= Zoje Stage =

American novelist

Zoje Stage is an American writer from Pittsburgh, Pennsylvania, known for her work in the performing arts and literature. She was awarded an Emerging Storytellers Fellowship from the Independent Filmmaker Project for her script "Hands and Knees" and a Fellowship in Screenwriting from the New York Foundation for the Arts in 2012 and 2008, respectively.
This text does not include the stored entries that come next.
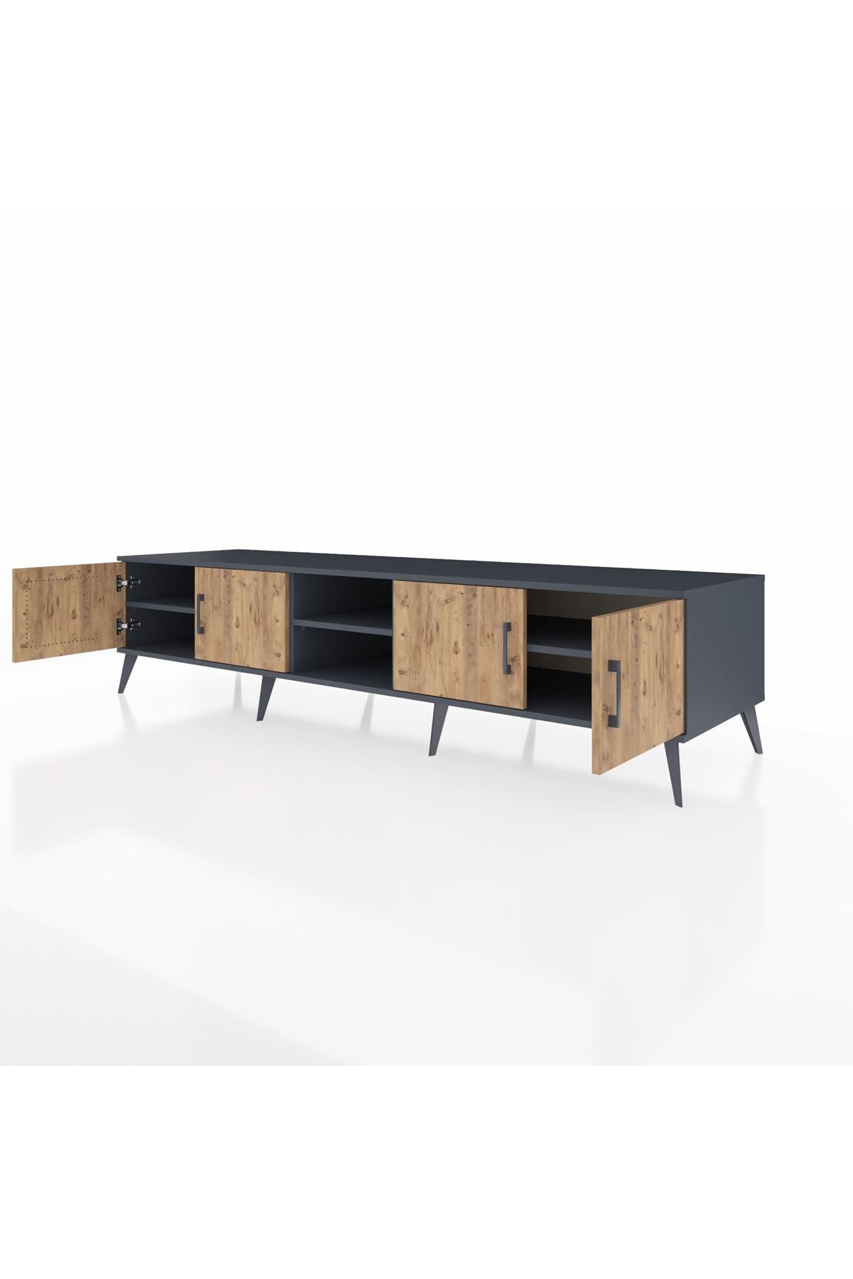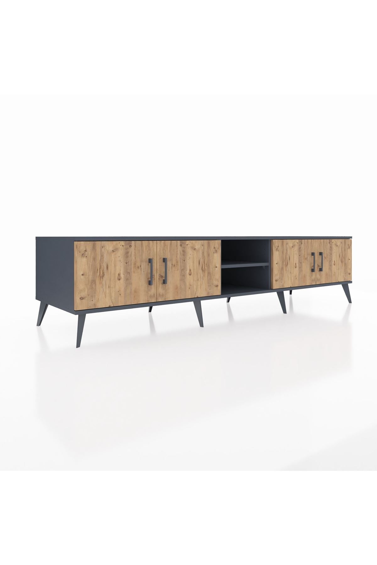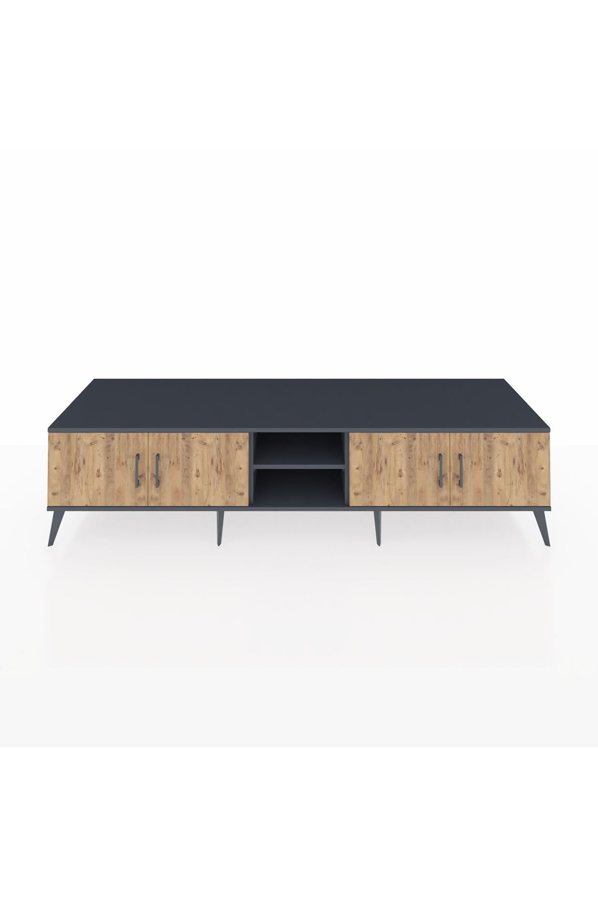 Kronos TV Ünitesi 3 Raflı 4 Kapaklı 220x59x51 Antrasit-Çam/Antrasit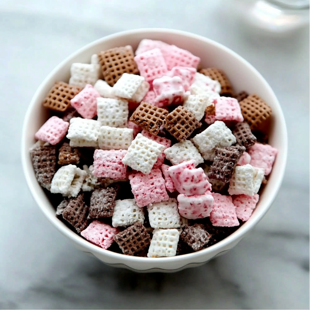 How to Serve Sweet Easy Neapolitan Puppy Chow Snack Mix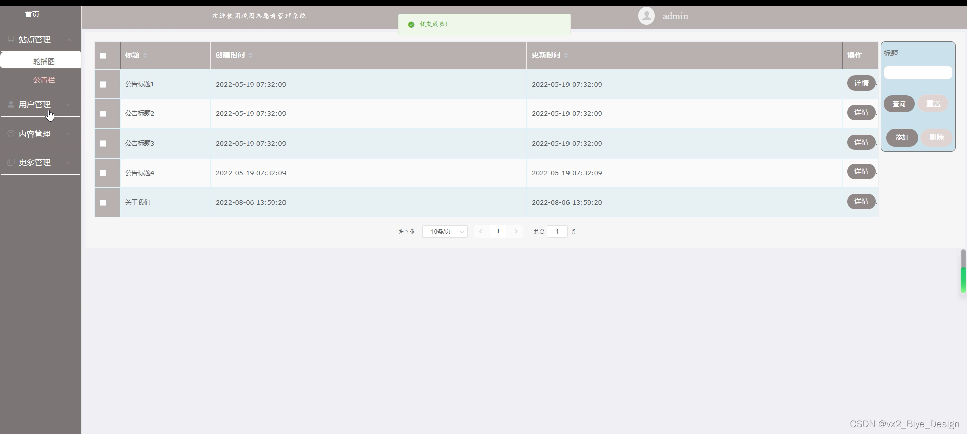 在管理员功能页面可以查看管理员:首页、站点管理(轮播图、公告栏)用户管理(管理员、志愿者、教师用户)内容管理(动态分享、动态分类、志愿新闻、新闻分类)更多管理(志愿活动、积分商城、活动报名、活动类型、活动签到、积分兑换、意见反馈、积分扣减、志愿者积分、积分增加)等内容进行相对应操作,如图5-9所示。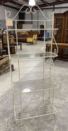 White Baker's Rack, two glass shelves, four shelves total, painted white, iron, 74"h., 30"w., 16"d. White Baker's Rack, two glass shelves, four shelves total, painted white, iron, 74"h., 30"w., 16"d.

Her debut novel, Baby Teeth, has been optioned for film by Village Roadshow and Valparaiso Pictures.

==Bibliography==

=== Novels ===
- Baby Teeth (2018, published in the UK as Bad Apple)
- Wonderland (2020)
- Something of a Calling (2026)
  1. AuthorLife (2026, under the pen name Joe Zagets)

=== Scripts ===

- “The Machine Who Loved”
- "Hands and Knees"

== Synopses ==

- Baby Teeth (2018): This novel tells the story of Suzette and Alex, a thirty-something married couple who is trying to figure out what's wrong with their 7-year-old daughter, Hanna. Hanna has been mute since she was 3-years-old, but has recently started talking to only Suzette as Marie-Anne Dufosset, a witch who was burned at the stake. Meanwhile, Suzette is growing increasingly more scared of Hanna's violent outbursts and manipulative moments.
- Wonderland (2020): This novel is about a family of four that moves from New York to a rural farmhouse. The family starts dealing with malevolent forces in the woods outside of their home, but they're not sure if they're coming from the earth, trees, or somewhere deep in their minds.